Triple wins in Kenya
The Kenya Climate Smart Climate Project, active since 2017, is increasing agricultural productivity and building resilience to climate change risks in the targeted smallholder farming and pastoral communities. The innovation sprint will help rapidly achieve three wins in technology development and dissemination, cutting-edge innovations, and developing sets of management practices all designed to increase productive, adaption of climate smart tech and methods, and reduce greenhouse gas (GHG) emissions.
Agricultural innovations in Pakistan
The Agricultural Innovation Program (AIP), a multi-disciplinary and multi-sectoral project funded by USAID, led by CIMMYT, and active in Pakistan since 2015, fosters the emergence of a dynamic, responsive, and competitive system of science and innovation that is ‘owned’ by Pakistan and catalyzes equitable growth in agricultural production, productivity, and value.
“From its beginning, AIP has been dedicated to building partnerships with local organizations and, smallholder farmers throughout Pakistan, which is very much in line with the objectives and goal as envisioned by Pakistan Vision 2025 and the Vision for Agriculture 2030, as Pakistan is a priority country for CIMMYT. However, a concerted effort is required from various players representing public and private sectors,” said Thakur Prasad Tiwari, senior scientist at CIMMYT. “Using that existing framework to deliver rapid climate smart innovations, the innovation sprint is well-situated to react to the needs of Pakistani farmers. “
Policies and partnerships for innovations in soil fertility management in Nepal
The Nepal Seed and Fertilizer (NSAF) project, funded by USAID and implemented by CIMMYT, facilitates sustainable increases in Nepal’s national crop productivity, farmer income, and household-level food and nutrition security. NSAF promotes the use of improved seeds and integrated soil fertility management technologies along with effective extension, including the use of digital and information and communications technologies. The project facilitated the National Soil Science Research Centre (NSSRC) to develop new domain specific fertilizer recommendations for rice, maize, and wheat to replace the 40 years old blanket recommendations.
Under NSAFs leadership, the Ministry of Agriculture and Livestock Development (MOALD) launched Asia’s first digital soil map and has coordinated governmental efforts to collect and analyze soil data to update the soil map and provide soil health cards to Nepal’s farmers. The project provides training to over 2000 farmers per year to apply ISFM principles and provides evidence to the MOALD to initiate a balanced soil fertility management program in Nepal and to revise the national fertilizer subsidy policy to promote balanced fertilizers. The project will also build efficient soil fertility management systems that significantly increase crop productivity and the marketing and distribution of climate smart and alternative fertilizer products and application methods.

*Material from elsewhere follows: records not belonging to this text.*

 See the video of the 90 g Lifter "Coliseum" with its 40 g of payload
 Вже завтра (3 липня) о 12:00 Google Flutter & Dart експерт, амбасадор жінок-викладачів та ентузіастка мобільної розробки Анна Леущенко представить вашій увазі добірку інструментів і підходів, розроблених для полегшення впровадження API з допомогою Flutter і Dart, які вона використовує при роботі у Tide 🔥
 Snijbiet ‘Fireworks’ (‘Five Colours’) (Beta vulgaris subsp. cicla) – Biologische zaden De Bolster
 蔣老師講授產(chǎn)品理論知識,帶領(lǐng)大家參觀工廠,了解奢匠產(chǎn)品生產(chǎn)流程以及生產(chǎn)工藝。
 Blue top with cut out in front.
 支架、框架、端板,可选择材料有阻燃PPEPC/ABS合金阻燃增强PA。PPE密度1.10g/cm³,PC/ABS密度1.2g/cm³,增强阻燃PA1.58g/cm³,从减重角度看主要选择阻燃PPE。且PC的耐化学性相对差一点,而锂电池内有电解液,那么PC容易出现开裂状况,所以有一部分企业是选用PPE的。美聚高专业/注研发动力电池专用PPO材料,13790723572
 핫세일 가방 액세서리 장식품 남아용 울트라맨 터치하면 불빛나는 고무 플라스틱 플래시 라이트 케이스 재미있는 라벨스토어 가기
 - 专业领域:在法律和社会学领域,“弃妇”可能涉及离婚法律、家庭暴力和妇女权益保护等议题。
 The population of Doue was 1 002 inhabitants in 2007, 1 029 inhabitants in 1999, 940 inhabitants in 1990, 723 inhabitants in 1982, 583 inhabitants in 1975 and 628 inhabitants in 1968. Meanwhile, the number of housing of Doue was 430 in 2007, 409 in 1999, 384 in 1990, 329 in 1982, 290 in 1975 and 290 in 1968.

Public-private partnerships accelerate access to innovations in South Asia
The Cereal Systems Initiative for South Asia (CSISA), established in 2009, has reached more than 8 million farmers by conducting applied research and bridging public and private sector divides in the context of rural ‘innovation hubs’ in Bangladesh, India, and Nepal. CSISA’s work has enabled farmers to adopt resource-conserving and climate-resilient technologies and improve their access to market information and enterprise development.

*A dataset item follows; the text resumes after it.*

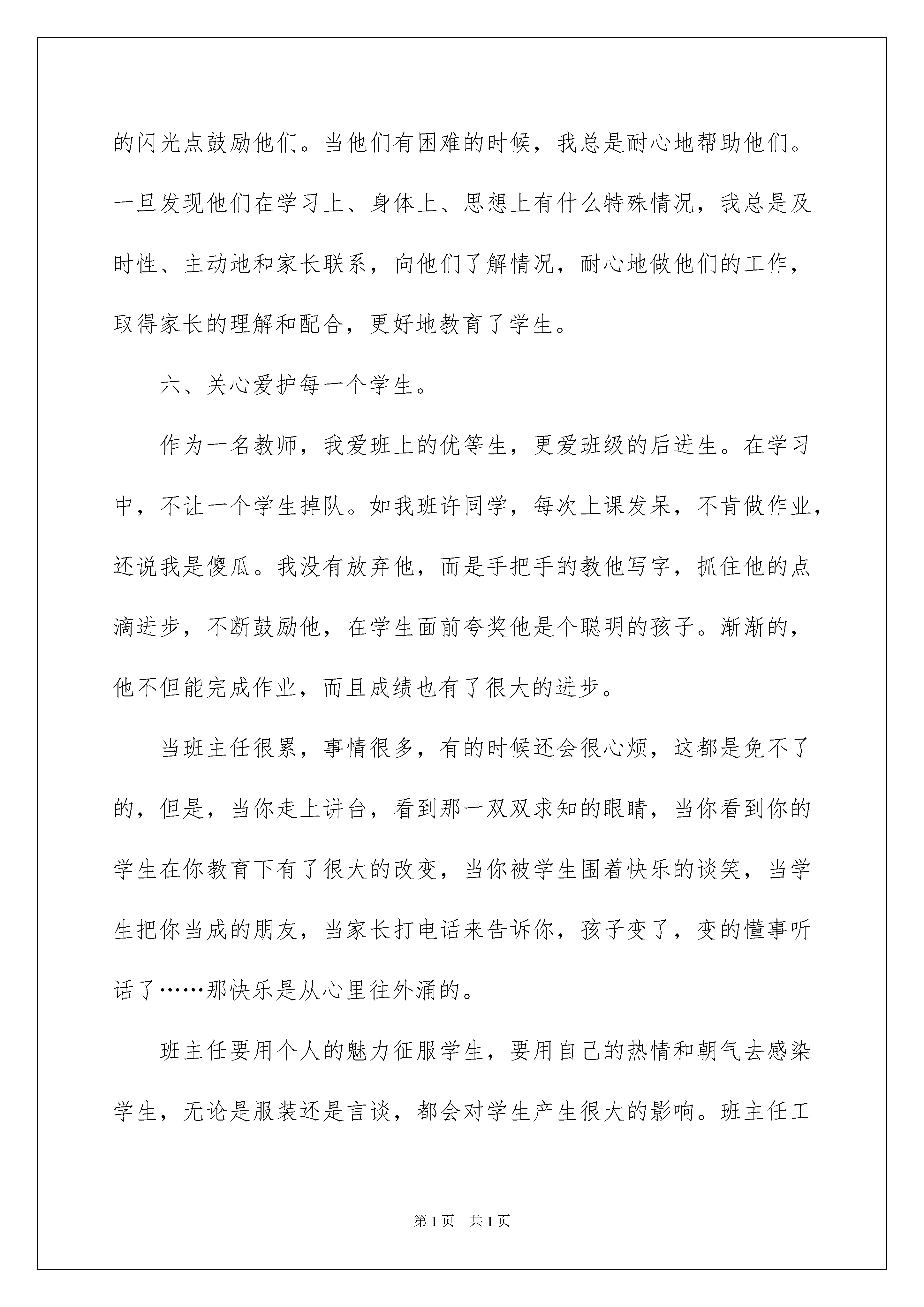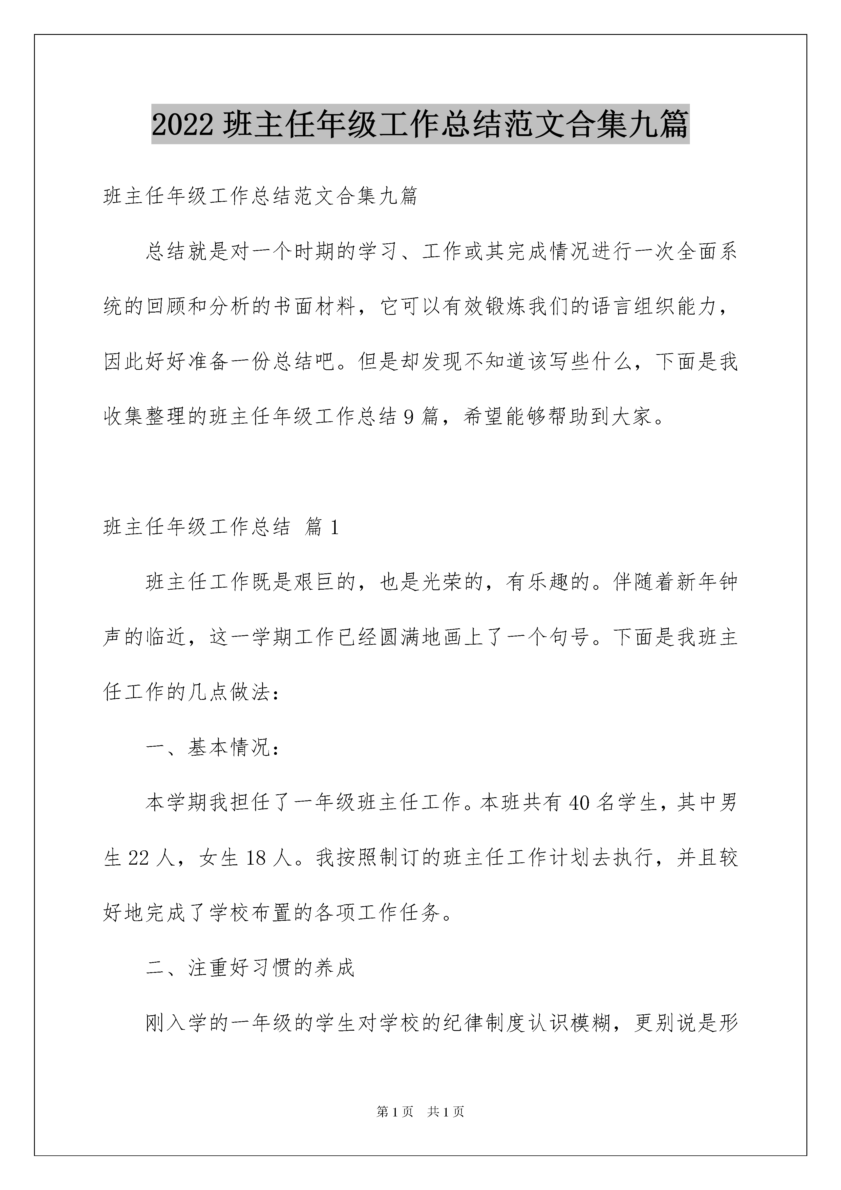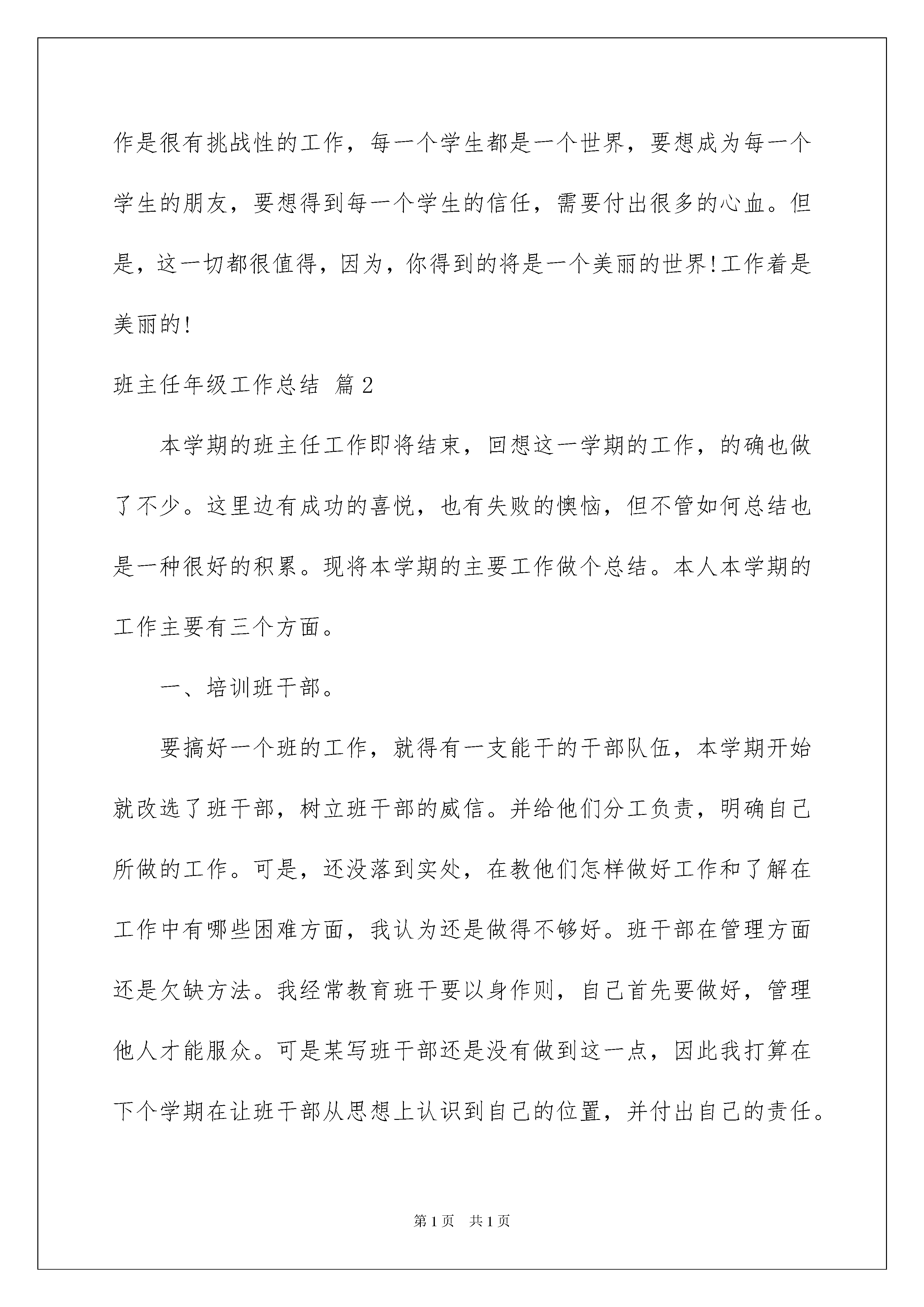 2022班主任年级工作总结范文合集九篇班主任年级工作总结范文合集九篇总结就是对一个时期的学习、工作或其完成情况进行一次全面系统的回顾和分析的书面材料,它可以有效锻炼我们的语言组织能力,因此好好准备一份总结吧。但是却发现不知道该写些什么,下面是我收集整理的班主任年级工作总结9篇,希望能够帮助到大家。班主任年级工作总结篇1班主任工作既是艰巨的,也是光荣的,有乐趣的。伴随着新年钟声的临近,这一学期工作已经圆满地画上了一个句号。下面是我班主任工作的几点做法:一、基本情况:本学期我担任了一年级班主任工作。本班共有40名学生,其中男生22人,女生18人。我按照制订的班主任工作计划去执行,并且较好地完成了学校布置的各项工作任务。二、注重好习惯的养成刚入学的一年级的学生对学校的纪律制度认识模糊,更别说是形成习惯了,比如说,上学迟到者多,不知做课前准备的多,上课铃响后依然在外晃荡的多,集会升旗组织纪律等等,一句话,问题多多。而且一年级的学生忘性大,叮嘱二次、三次,四次、五次,依然如故,这就要求一年级老师有不厌其烦的、足够的耐心,以致形成习惯为止。而好习惯的养成也正是我校本学期的教育主题之一,我就有更多的时间和机会把它从八个方面做细做实,即“我的按时上学好习惯、我的文明礼貌好习惯、我的认真学习好习惯、我的安全卫生好习惯、我的健康锻炼好习惯、我的热爱劳动好习惯、我的团结同学好习惯、我的不乱花钱好习惯”等。好的习惯,受益终生,所以对好习惯的培养格外重视,利用班队会集中学习,课前等适当的机会分散学习,遇到问题及时解决,不给他们形成麻痹的思想。我班同学在班干部和班主任的带领下,班级秩序良好,尤其在劳动、做好事等方面表现积极,集会、集队等能做到安静、整齐。三、注重班干部的培养班干部是班主任的左右手,对整个班级的精神面貌起着决定性的作用,因此应该正确选拔,精心培养。作为班级干部,应具有较强的号召力和自我管理的能力,树立了班干部在同学中的威信,时时指点他们的工作方法,对他们更要从纪律、学习,经典诵读等到各方面严格要求,真正起到表率作用。有了这支得力的干部队伍,班主任的工作简单而轻松。四、注重主题班会和队会的开展我班的班会和队会每次都是在有计划和充分准备的前提下进行的,以保证其实效性,一年级的学生表达能力不够强,所以我们选取的主题多是发生在学生身边的事,并且能结合当前时事。讨论时先让表达好些的同学发言,再带动其他同学,脚踏实际,循序渐进,一个学期下来,每个同学都有一定的进步和发展。本学期我们开展的班队会的主题有《小学生日常行为规范》、《小学生守则》、《小学生礼仪规范》、《文明礼貌》、《安全教育》等等。通过这些主题活动的开展,使他们在学习、纪律、文明礼貌、感恩、爱心等各方面得到锻炼,有助于学生的全面发展。五、加强与家长联系。平时,我能关心爱护班里的每一个学生。对一些表现不太好的同学,更是倾注了更多的爱和心血。我经常和留守学生谈心,抓住他们的闪光点鼓励他们。当他们有困难的时候,我总是耐心地帮助他们。一旦发现他们在学习上、身体上、思想上有什么特殊情况,我总是及时性、主动地和家长联系,向他们了解情况,耐心地做他们的工作,取得家长的理解和配合,更好地教育了学生。六、关心爱护每一个学生。作为一名教师,我爱班上的优等生,更爱班级的后进生。在学习中,不让一个学生掉队。如我班许同学,每次上课发呆,不肯做作业,还说我是傻瓜。我没有放弃他,而是手把手的教他写字,抓住他的点滴进步,不断鼓励他,在学生面前夸奖他是个聪明的孩子。渐渐的,他不但能完成作业,而且成绩也有了很大的进步。当班主任很累,事情很多,有的时候还会很心烦,这都是免不了的,但是,当你走上讲台,看到那一双双求知的眼睛,当你看到你的学生在你教育下有了很大的改变,当你被学生围着快乐的谈笑,当学生把你当成的朋友,当家长打电话来告诉你,孩子变了,变的懂事听话了……那快乐是从心里往外涌的。班主任要用个人的魅力征服学生,要用自己的热情和朝气去感染学生,无论是服装还是言谈,都会对学生产生很大的影响。班主任工作是很有挑战性的工作,每一个学生都是一个世界,要想成为每一个学生的朋友,要想得到每一个学生的信任,需要付出很多的心血。但是,这一切都很值得,因为,你得到的将是一个美丽的世界!工作着是美丽的!班主任年级工作总结篇2本学期的班主任工作即将结束,回想这一学期的工作,的确也做了不少。这里边有成功的喜悦,也有失败的懊恼,但不管如何总结也是一种很好的积累。现将本学期的主要工作做个总结。本人本学期的工作主要有三个方面。一、培训班干部。要搞好一个班的工作,就得有一支能干的干部队伍,本学期开始就改选了

“Farmers in South Asia have become familiar with the value addition that participating in applied research can bring to innovations in their production systems,” said Timothy Krupnik, CIMMYT systems agronomist and senior scientist. “Moreover, CSISA’s work to address gaps between national and extension policies and practices as they pertain to integrated soil fertility management in the context of intensive cropping systems in South Asia has helped to accelerate farmers’ access to productivity-enhancing innovations.”

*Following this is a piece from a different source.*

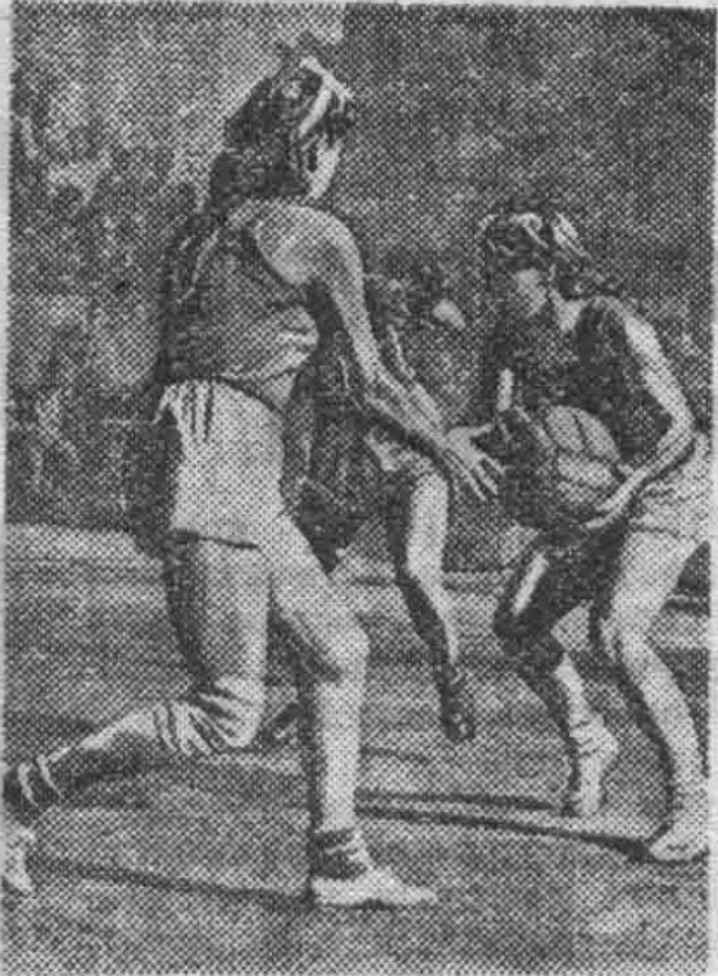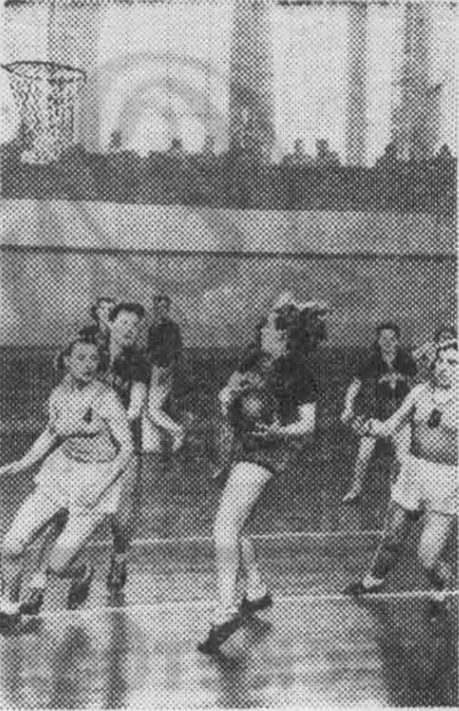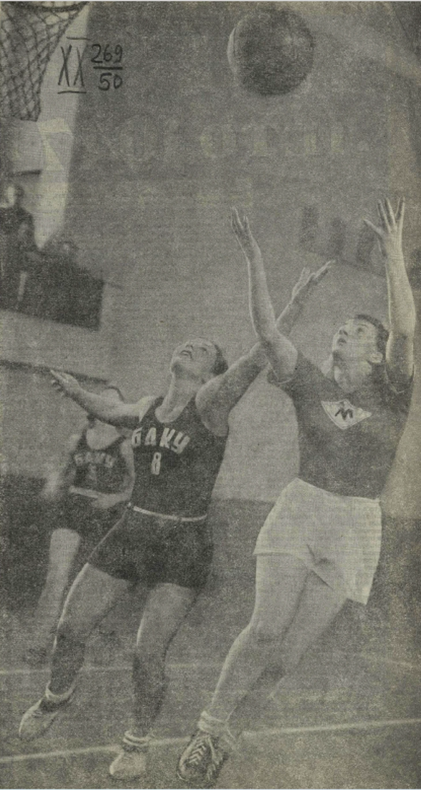 9 марта 1947. Москва. Зал спортклуба «Крылья Советов». Игра VIII Матча городов СССР Москва — Баку — 46:20. Капитан сборной Москвы Мария Козлова (справа) борется за мяч с Фоминой из Баку
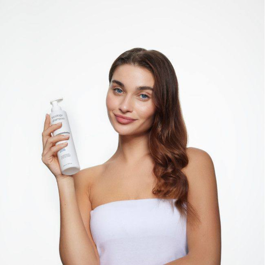 - Нанесіть шампунь tricology на вологу шкіру голови, ніжно масажуючи шкіру, і залиште на 2-3 хвилини. Ретельно промити водою.

CSISA also emphasizes support for women farmers by improving their access and exposure to improved technological innovations, knowledge, and entrepreneurial skills.
Sustainable agriculture in Zambia
The Sustainable Intensification of Smallholder Farming systems in Zambia (SIFAZ) is a research project jointly implemented by the UN Food and Agriculture Organization (FAO), Zambia’s Ministry of Agriculture and CIMMYT designed to facilitate scaling-up of sustainable and climate smart crop production and land management practices within the three agro-ecological zones of Zambia. “The Innovation Sprint can take advantage of existing SIFAZ partnerships, especially with Zambia’s Ministry of Agriculture,” said Christian Thierfelder, CIMMYT scientist. “Already having governmental buy-in will enable quick development and dissemination of new sustainable intensification practices to increase productivity and profitability, enhance human and social benefits while reducing negative impacts on the environment.”
Cover photo: Paul Musembi Katiku, a field worker based in Kiboko, Kenya, weighs maize cobs harvested from a low nitrogen trial. (Florence Sipalla/CIMMYT)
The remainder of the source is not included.